The evening news was on. Suddenly there was a report on a scandal brewing at Karolinska University Hospital, involving a hypnotist. Annika Lorentzon did not wish to comment on the case during the ongoing investigation, but when the reporter brought up the significant funding recently allocated by the board to the hypnotist in question, Annika Lorentzon found herself on the defensive.
“That was a mistake,” she said.
“What was a mistake?”
“Erik Maria Bark has been suspended until further notice.”
“Only until further notice?”
“He will not be practising hypnosis at Karolinska Hospital in the future,” she said.
Then I saw my own face on the screen; I was sitting in the television studio looking frightened.
“Will you be continuing to practise hypnosis at other hospitals?” the interviewer asked me.
For a moment I looked confused, as if I didn’t understand the question, and then I shook my head almost imperceptibly.
“Erik Maria Bark, do you still believe that hypnosis is a good form of treatment?” she persisted.
“I don’t know,” I answered feebly. “Will you continue to practise?”
“No.”
“Never?”
“I will never hypnotize anyone again,” I replied. “Is that a promise?”
“Yes.”
wednesday, december 16: morning
Erik gives a start, and the hand holding the coffee cup jerks and spills the liquid all over his jacket and shirt cuffs.
Joona turns to him in surprise and without a word pulls a tissue from a box of Kleenex on the dashboard.
Erik looks out at the big yellow wooden house, the garden, the lawn, and the enormous Winnie-the-Pooh with the fangs drawn on it.
“Is she violent?” asks Joona. “Who?”
“Eva Blau.”
“Maybe. I mean, she’s certainly capable of it.”
Joona switches off the engine and they get out of the car. “Just don’t expect too much,” he says in a melancholy tone. “Liselott Blau might have nothing to do with Eva.”
“No,” Erik replies absently.
They walk up a path made of flat, dark-gray slate. A heavy white veil of little snowflakes whirls in the air.

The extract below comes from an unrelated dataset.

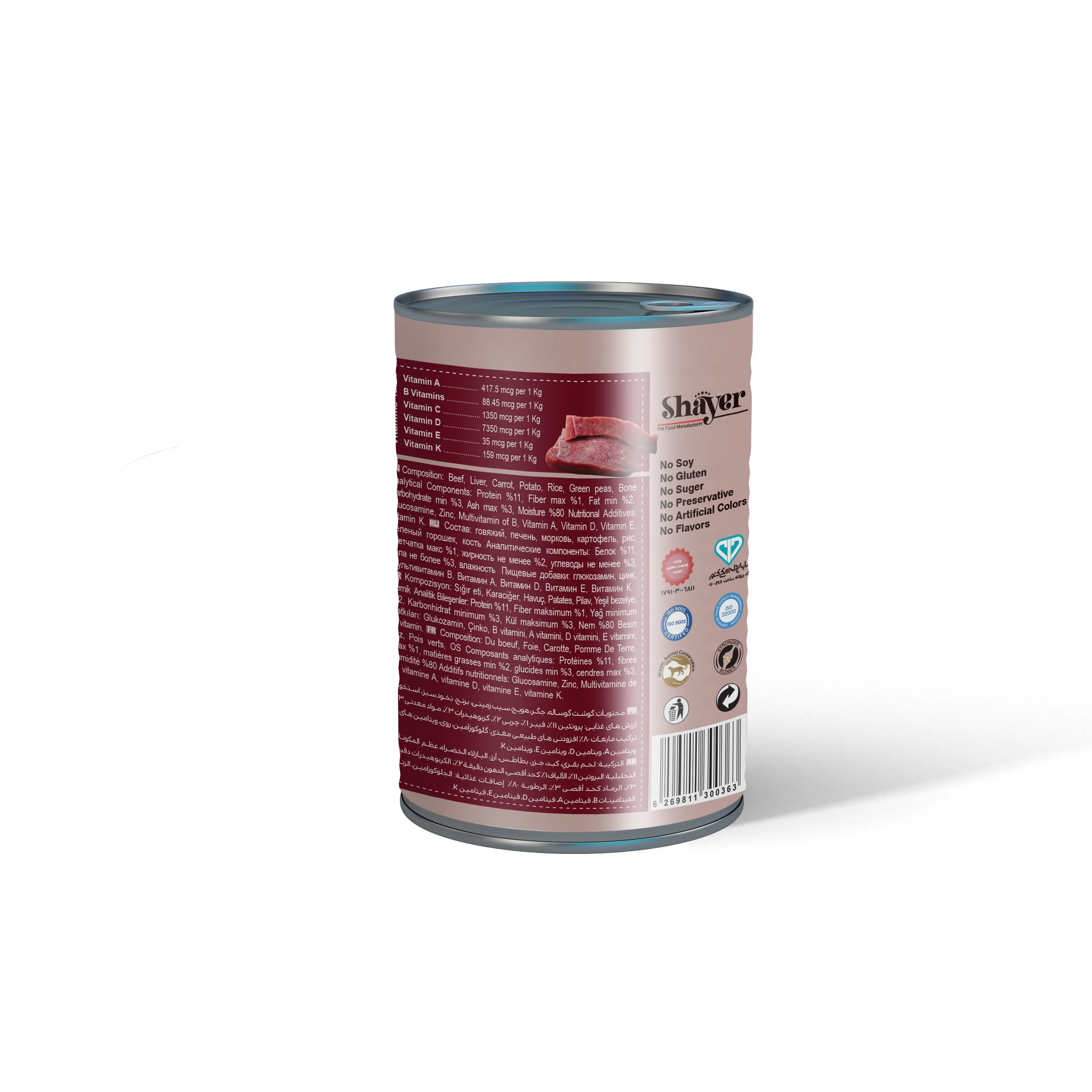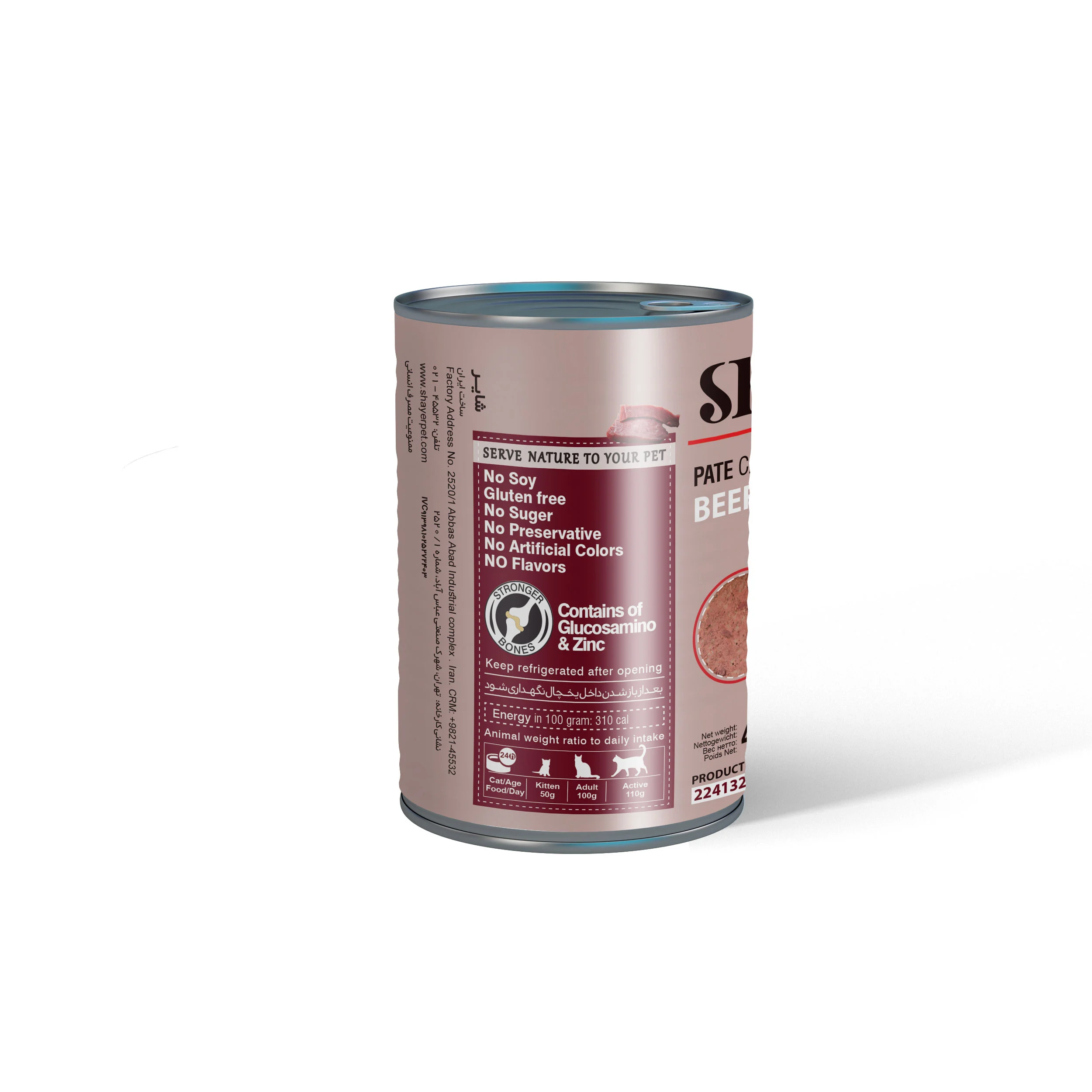کنسرو پته شایر با گوشت قرمز تازه، جگر و سبزیجات طبیعی؛ سرشار از پروتئین، ویتامینها، زینک و اسیدهای چرب امگا ۳ و ۶. مناسب برای گربههای تمامی سنین.
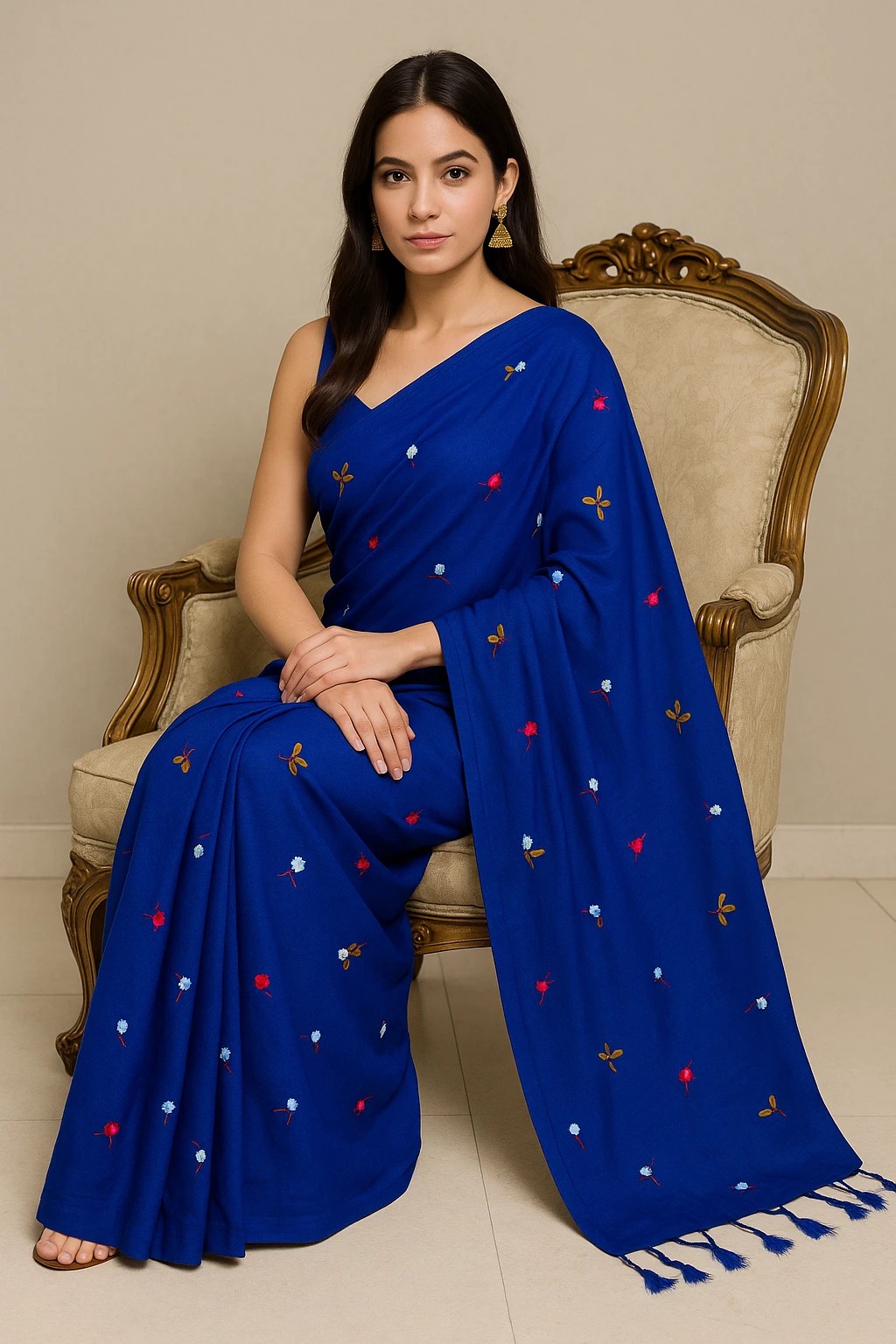 SAREEN Handcrafted Pure Khadi Cotton Saree, Multicolor Hand-Embroidered Floral Motifs, Traditional Style with Tassels (Bright Royal Blue)

“We have to be careful,” says Joona. “Because this could actually be the haunted house.” His face lights up in a faint smile.
Erik stops in the middle of the path. The wet fabric around his wrist has grown cold. He smells of stale coffee. “I should explain. The haunted house is a house in the former Yugoslavia,” he says. “It’s also an apartment in Jakobsberg, a gym in Stocksund, a pale green house up in Dorotea, and so on.”